GÖRDÜKLERINDE in English translation

they see
görüyorlar
görür
gördükleri
görünce
onu ekini sararmış görseler
they saw
gördüler
behold
hani
hemen
işte
bir bakarsın
bakın
bak
gör
karşınızda
at the sight
görünce
gördüğünde
görüntüsüyle
manzara karşısında
önünde

Examples of using Gördüklerinde in Turkish and their translations into English

{-}
  • Colloquial category close
  • Ecclesiastic category close
  • Ecclesiastic category close
  • Computer category close
  • Programming category close
Koltuk değneği olan birini gördüklerinde yardım edeceklerini sanmıştın.
You would think you see somebody with a crutch, they're gonna help'em out.
Evet. İnsanların, istedikleri bir şeyi gördüklerinde göz bebekleri büyür.
Their pupils dilate. yes. when someone sees something they want.
Çalışmazsak, insanlar bizi bu halde gördüklerinde geri döneceklerdir.
People are gonna see this place and… turn away, unless we work.
Inan bana. Danimarkalılar seni… ordunun başında gördüklerinde korkmazlar.
To see you at the head of the army, The Danes won't be frightened believe me.
Bay Farrı gördüklerinde üzerlerine bıçakla yürümüşler.
Apparently, as they sighted Lieutenant Irving and Mr. Farr.
Özellikle de alışkın olmadıkları bir şey gördüklerinde.
Especially when they see something that they ain't used to seeing.
Hepsi çığlık atmaya başladı. Cezai müfrezeyi gördüklerinde.
They all started screaming. Seeing the punitive detachment.
Özellikle sert karşılık gördüklerinde.
Especially when they're met with harsh reprisals.
Azabı gördüklerinde pişmanlıklarını saklarlar; Biz de inkar edenlerin boyunlarına halkalar geçirdik.
They will declare(their) repentance when they see the Penalty: We shall put yokes on the necks of the Unbelievers: It would only
Nihayet cezamızı gördüklerinde,'' Artık SADECE ALLAHa inandık ve ortak koşmuş olduklarımızı inkar ettik,'' derler.
When they saw Our chastisement, they said:“We have come to believe in Allah, the Only One, and we reject all what we had associated(with Allah in His Divinity).”.
Kafirler( gerçeği örtenler) seni gördüklerinde,'' Tanrılarınızı diline dolayan bu mu,'' diye alaylarına hedef yapmaktan başka bir tepki göstermiyorlar?
When the unbelievers behold thee, they take thee only for mockery:'Ha, is this the one who makes mention of your gods?

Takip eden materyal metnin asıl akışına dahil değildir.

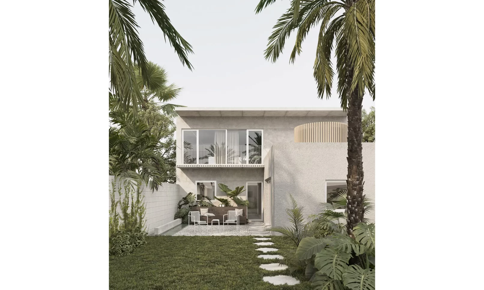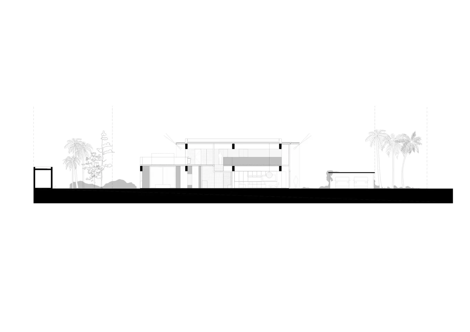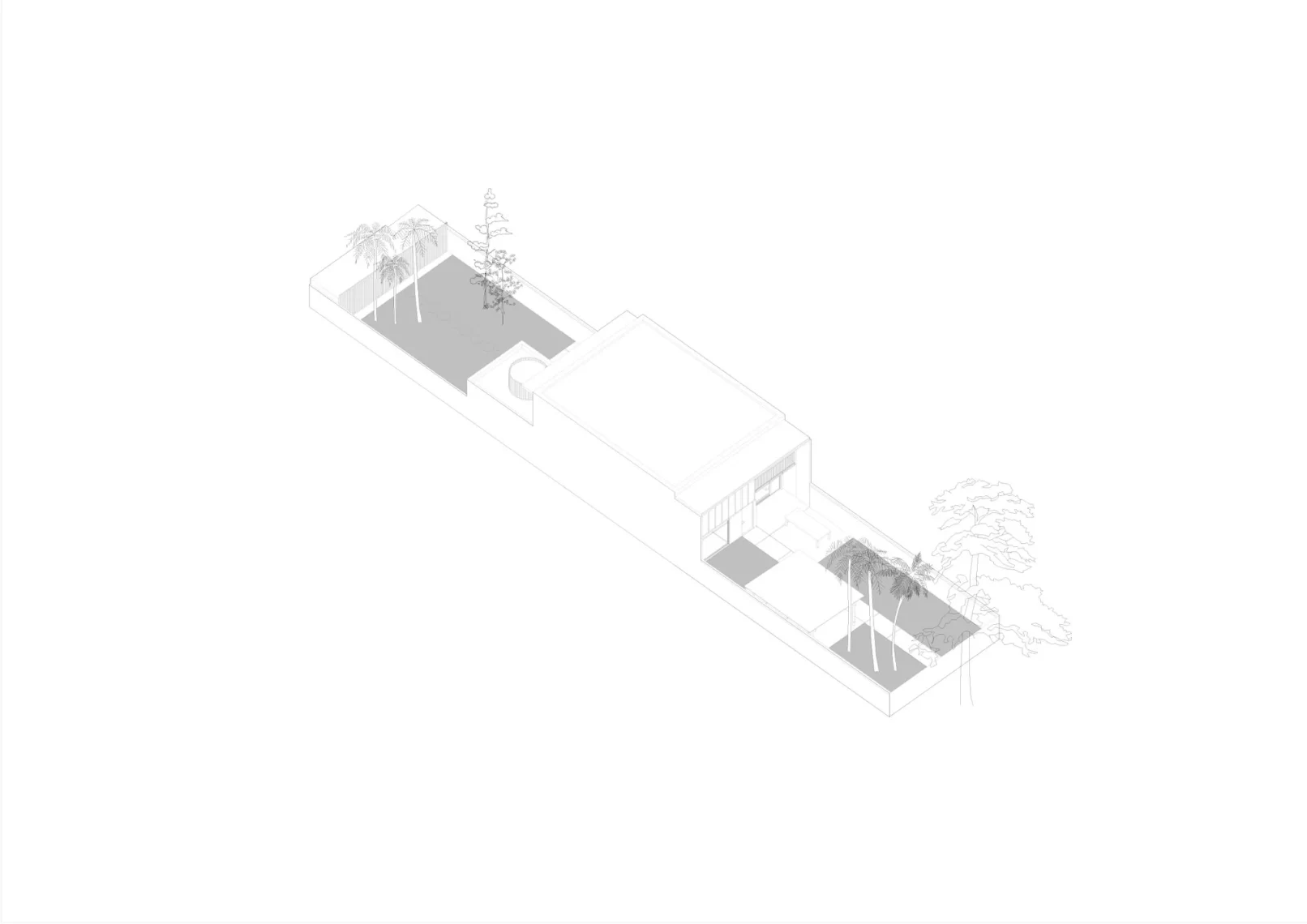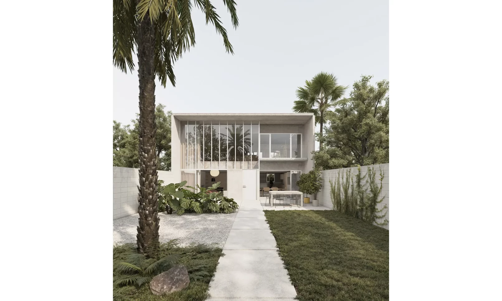 El proyecto se implanta en la mitad del padrón dejando un gran espacio verde al frente, priorizando la vegetación existente de palmeras y arbustos. La zona social al frente en doble altura se abre hacia este gran jardín, y luego la zona íntima se abre hacia el jardín del fondo, de escala más pequeña. La cubierta también se pensó en losa hueca, dejando así una propuesta integral en un sistema prefabricado. El proyecto propone dejar la estructura a la vista, siendo protagonista dentro de la espacialidad que se genera, develando una fuerte impronta y carácter.

İtiraf edeyim, beni gördüklerinde… dediler ki:'' Silahlı,
When they saw me, than a startled woman with a gun. I have to say,
Üzgünüm ama hayat diğer insanların seni gördüklerinde altlarına yapmadıkları bir yerde geçirilemeyecek kadar kısa.
Now I'm sorry, but I think life is just too short to spend it working someplace where people don't crap their pants at the sight of you.

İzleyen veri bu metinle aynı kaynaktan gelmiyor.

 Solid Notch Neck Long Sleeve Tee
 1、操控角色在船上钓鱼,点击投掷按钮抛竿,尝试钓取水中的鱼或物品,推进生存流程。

O zulmedenler, azabı gördüklerinde, onlara ne( azap) hafifletilecek, ne süre tanınacak.
And when the evildoers behold the chastisement, it shall not be lightened for them, and no respite shall be given them.
İnkar edenler seni gördüklerinde, seni yalnızca alay-konusu ediyorlar( ve:)'' Sizin ilahlarınızı diline dolayan bu mu?

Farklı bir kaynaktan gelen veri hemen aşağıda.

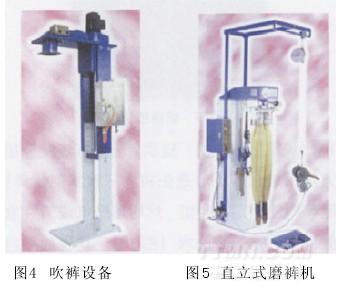 采用刷子摩擦的刷擦法,在整条裤面进行大范围的摩擦,适合前腿位、膝盖处、后臀部等较大面积的“马骝洗”。这种后整理方式一般会先用设备将裤子吹胀并固定,吹裤设备如图4所示。用刷子或磨轮直接在面料的表面进行打磨处理,使衣物表面达到局部磨白的效果,然后再用手工修整裤缝边缘、袋口边、裤脚的折边处等细小的部位,以期达到特殊的效果。
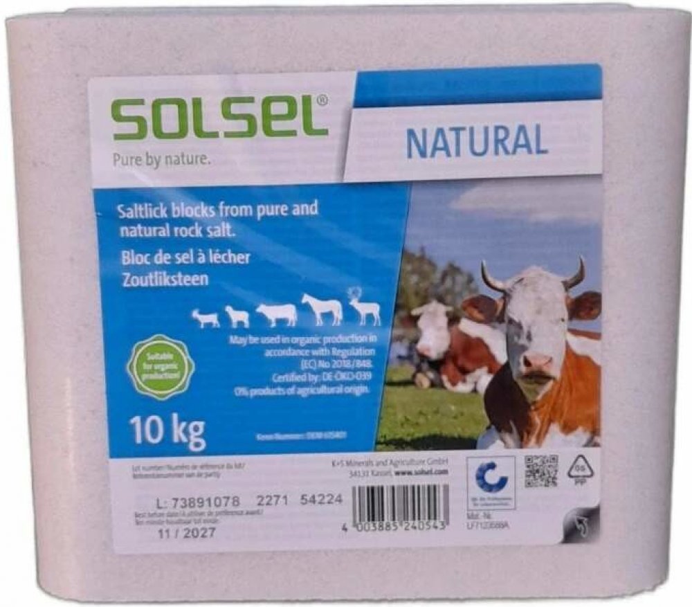 Solný liz Solsel Normal pro koně, dobytek, ovce, kozy a zvěř - schváleno pro využití v ekologickém zemědělství. Liz z čisté vakuové soli, pro ideální a jednoduchý způsob, jak doplnit krmení hovězího dobytka, ovcí, koz, koní, srn a vysoké zvěře o soli a přírodní minerální látky.

When the unbelievers behold thee, they take thee only for mockery:'Ha, is this the one who makes mention of your gods?
Çocuklar, direksiyon başında sürücü olmadan bir arabanın yanladığını gördüklerinde hatırlamanın bir yolunu bulurlar. Emin miydiler?
Were they sure? Kids have a way of remembering when they see a car guzzlin' along with no driver at the wheel?
O zulmedenler, azabı gördüklerinde, onlara ne( azap) hafifletilecek, ne süre tanınacak.
And when those who did wrong behold the doom, it will not be made light for them, nor will they be reprieved.
Beni gördüklerinde…'' Eli silahlı, ürkmüş bir kadından daha korkutucu şey yoktur.
There is nothing more frightening when they saw me, I have to say, than a startled woman with a gun.
O zulmedenler azabı gördüklerinde, artık onlardan azap hafifletilmez, onlara mühlet de verilmez.
And when the evildoers behold the chastisement, it shall not be lightened for them, and no respite shall be given them.
Anlı şanlı ünlümüz Bay Harry Quebertin geldiğini gördüklerinde… gözleri yuvalarından uğrayacaktı.
Mr. Harry Quebert, saunter in. when they saw our illustrious celebrity, I knew their eyes would pop out of their heads.